If you want to check out how I use journals with other Number Routines, they are in the side panel of all of my videos on Teaching Channel. 

Following up with the Coordinate Grid

I have been meaning to follow up on this post for over a month now!

Over the first 6 slides, we saw so much great confusion when they were trying to figure out how to name the location of the point. We saw some students use measurements from the top and bottom of the screen, while others tried using some fractions. To get a picture of how students’ thinking changed from one grid to the next, I copied their responses from Desmos to this table in Google. In the table, each row is the same student’s response to describing the point location on each of the three different grids.

During the activity, we paused the students after the 6th slide and asked some volunteers to read their directions.

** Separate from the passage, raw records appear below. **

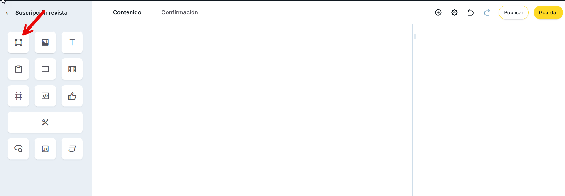 4. Accederás al editor de Landing Optimizer que te permitirá arrastrar los elementos que desees agregar a las secciones de tu página. Primero tienes que arrastrar la «sección» para luego poder insertar los componentes dentro de la sección. (Más sobre el editor: https://mdtr.io/pL8Ha)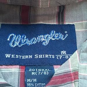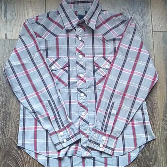 Wrangler long-sleeved snap shirt. Worn twice. Great condition. Size medium 7/8
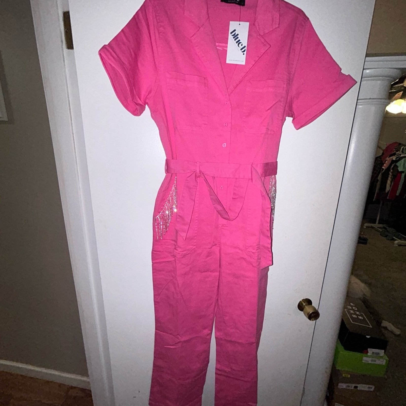 SHOWSTOPPER Elevate your style with the Pink Women's Jumpsuit. This chic piece features a vibrant pink color, perfect for making a statement. Ideal for any occasion, it combines comfort and fashion effortlessly. Wide leg and bling fringe with pockets and belt awesome one of a kind .. showstopper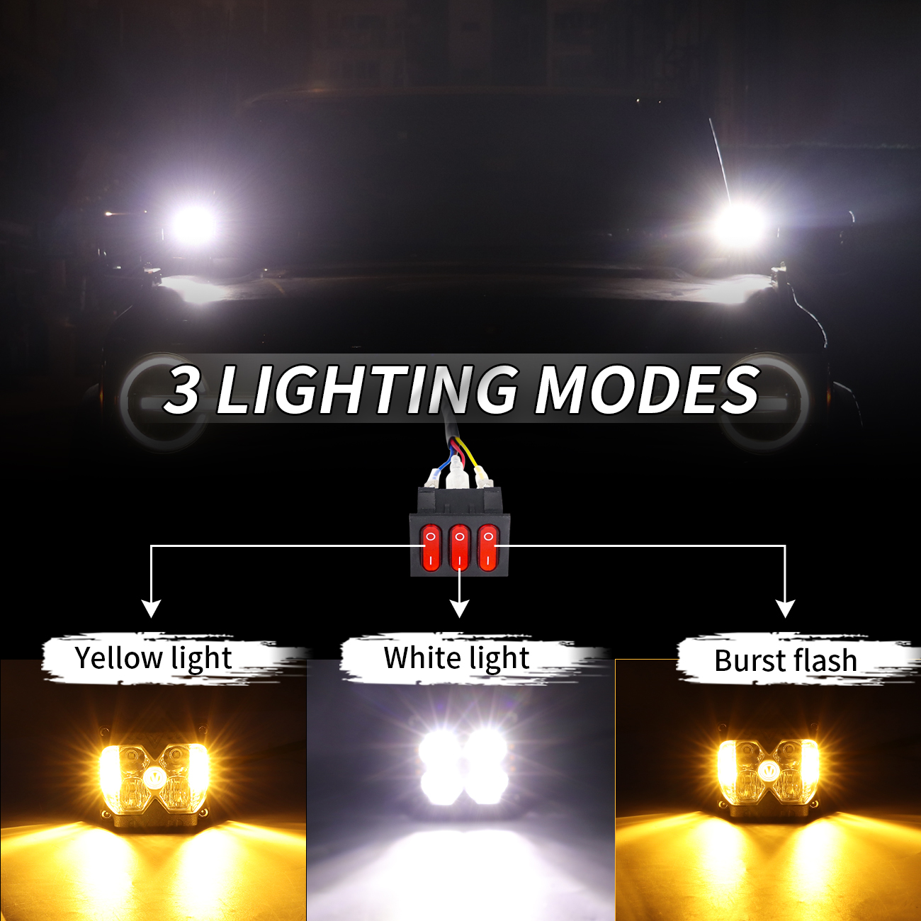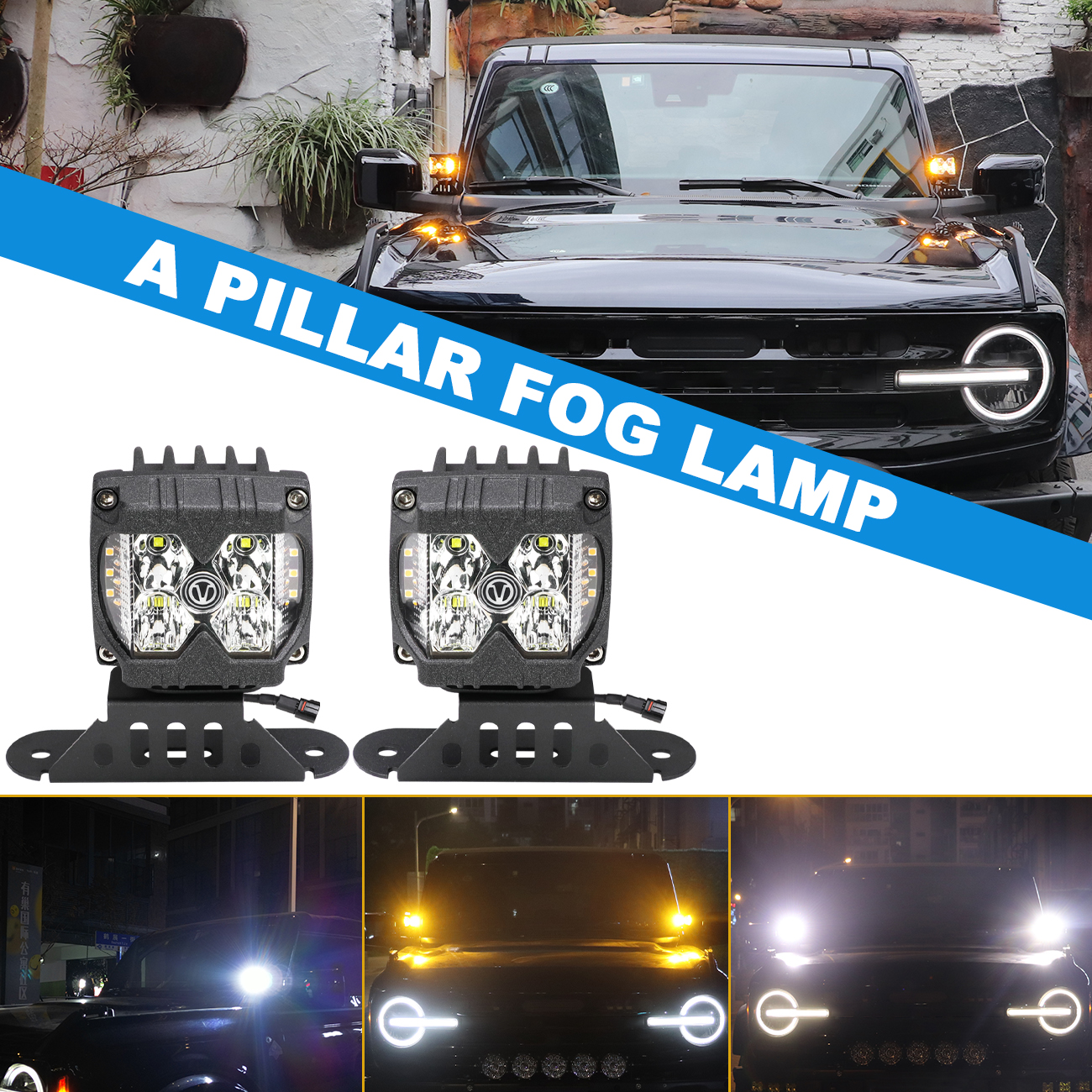 Description Product Name:A Pillar Spotlight Condition:New Color:Black Light color:White and amber Shape: Square Power: 40W Light mode: white light, yellow light, burst flash light Lumen: 7000LM Working temperature: -20°C~65°C Color temperature: 6500K Shell Material: Aluminum alloy housing Outside lens: PC lens Voltage: 12V-24V DC Waterproof level: IP67 Placement on Vehicle:Front, Front Left, Front Right Features:Durable, Easy Installation Fitment The Fog Lamp is compatible with for Ford Bronco 2021-2024 2/4 Doors. NOTE:Doesn't fit for Ford Bronco sport model! Features 1.A pillar light housing is made of high quality durable aluminum alloy, dustproof, rainproof, shockproof, can be used in all kinds of weather or situation; fog light is made of high quality LED chip, can send out 6500K 7000LM high brightness light and clear PC lens. 2. This LED light can emit 6500k white light, yellow light and burst flash three kinds of lights, super bright spot beam can well illuminate the dark road at night. Package Included 2x LED Work Light and Wiring Harness and Bracket

After a few misses due to the fact they didn’t name a starting place or they counted squares instead of lines, we asked them to try re-writing some directions on the back of their paper.

We could tell they were finding the axes pretty necessary so after plotting the point successfully a few times as a class, we gave them some of the terminology and conventions for plotting and naming points in a coordinate plane.

This is the place where we thought we may run out of time but we wanted to give them a chance to plot some points that formed rectangles and look for patterns in the coordinates. I copied the things they noticed at the bottom of this table.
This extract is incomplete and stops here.